我正在尝试汇总Spark时间戳结构化流,以获取每秒钟传入数据的每个设备(源)平均值。
dataset.printSchema(); // see the output below
Dataset<Row> ds1 = dataset
.withWatermark("timestamp", "1 second")
.groupBy(
functions.window(dataset.col("timestamp"), "1 second", "1 second"),
dataset.col("source"))
.agg(
functions.avg("D0").as("AVG_D0"),
functions.avg("I0").as("AVG_I0"))
.orderBy("window");
StreamingQuery query = ds1.writeStream()
.outputMode(OutputMode.Append())
.format("console")
.option("truncate", "false")
.option("numRows", Integer.MAX_VALUE)
.start();
query.awaitTermination();
我正在使用Spark 2.4.6。
根据
https://spark.apache.org/docs/2.4.6/structured-streaming-programming-guide.html#output-modes
https://spark.apache.org/docs/latest/structured-streaming-programming-guide.html#output-modes
上述构造应该可以正常工作。
但是我在start()中遇到了异常:
11:05:27.282 [main] ERROR my.sparkbench.example.Example - Exception
org.apache.spark.sql.AnalysisException: Append output mode not supported when there are streaming aggregations on streaming DataFrames/DataSets without watermark;;
Sort [window#44 ASC NULLS FIRST], true
+- Aggregate [window#71, source#0], [window#71 AS window#44, source#0, avg(D0#12) AS AVG_D0#68, avg(I0#2L) AS AVG_I0#70]

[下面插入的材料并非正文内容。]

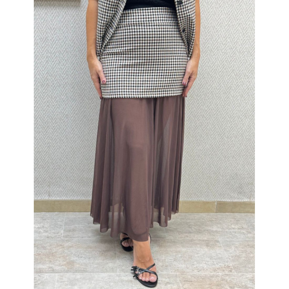 Falda de diseño híbrido con cinturilla alta. La parte superior es una minifalda recta confeccionada en tejido de pata de gallo en blanco y marrón. La parte inferior, que se extiende hasta el tobillo, está compuesta por una capa de gasa semitransparente de color marrón liso, que le otorga un efecto de sobrefalda fluida y vaporosa. Se cierra mediante cremallera oculta en la parte trasera.

+- Filter isnotnull(timestamp#1)
+- Project [named_struct(start, precisetimestampconversion(((((CASE WHEN (cast(CEIL((cast((precisetimestampconversion(timestamp#1, TimestampType, LongType) - 0) as double) / cast(1000000 as double))) as double) = (cast((precisetimestampconversion(timestamp#1, TimestampType, LongType) - 0) as double) / cast(1000000 as double))) THEN (CEIL((cast((precisetimestampconversion(timestamp#1, TimestampType, LongType) - 0) as double) / cast(1000000 as double))) + cast(1 as bigint)) ELSE CEIL((cast((precisetimestampconversion(timestamp#1, TimestampType, LongType) - 0) as double) / cast(1000000 as double))) END + cast(0 as bigint)) - cast(1 as bigint)) * 1000000) + 0), LongType, TimestampType), end, precisetimestampconversion((((((CASE WHEN (cast(CEIL((cast((precisetimestampconversion(timestamp#1, TimestampType, LongType) - 0) as double) / cast(1000000 as double))) as double) = (cast((precisetimestampconversion(timestamp#1, TimestampType, LongType) - 0) as double) / cast(1000000 as double))) THEN (CEIL((cast((precisetimestampconversion(timestamp#1, TimestampType, LongType) - 0) as double) / cast(1000000 as double))) + cast(1 as bigint)) ELSE CEIL((cast((precisetimestampconversion(timestamp#1, TimestampType, LongType) - 0) as double) / cast(1000000 as double))) END + cast(0 as bigint)) - cast(1 as bigint)) * 1000000) + 0) + 1000000), LongType, TimestampType)) AS window#71, source#0, timestamp#1-T1000ms, I0#2L, I1#3L, I2#4L, I3#5L, I4#6L, I5#7L, I6#8L, I7#9L, I8#10L, I9#11L, D0#12, D1#13, D2#14, D3#15, D4#16, D5#17, D6#18, D7#19, D8#20, D9#21]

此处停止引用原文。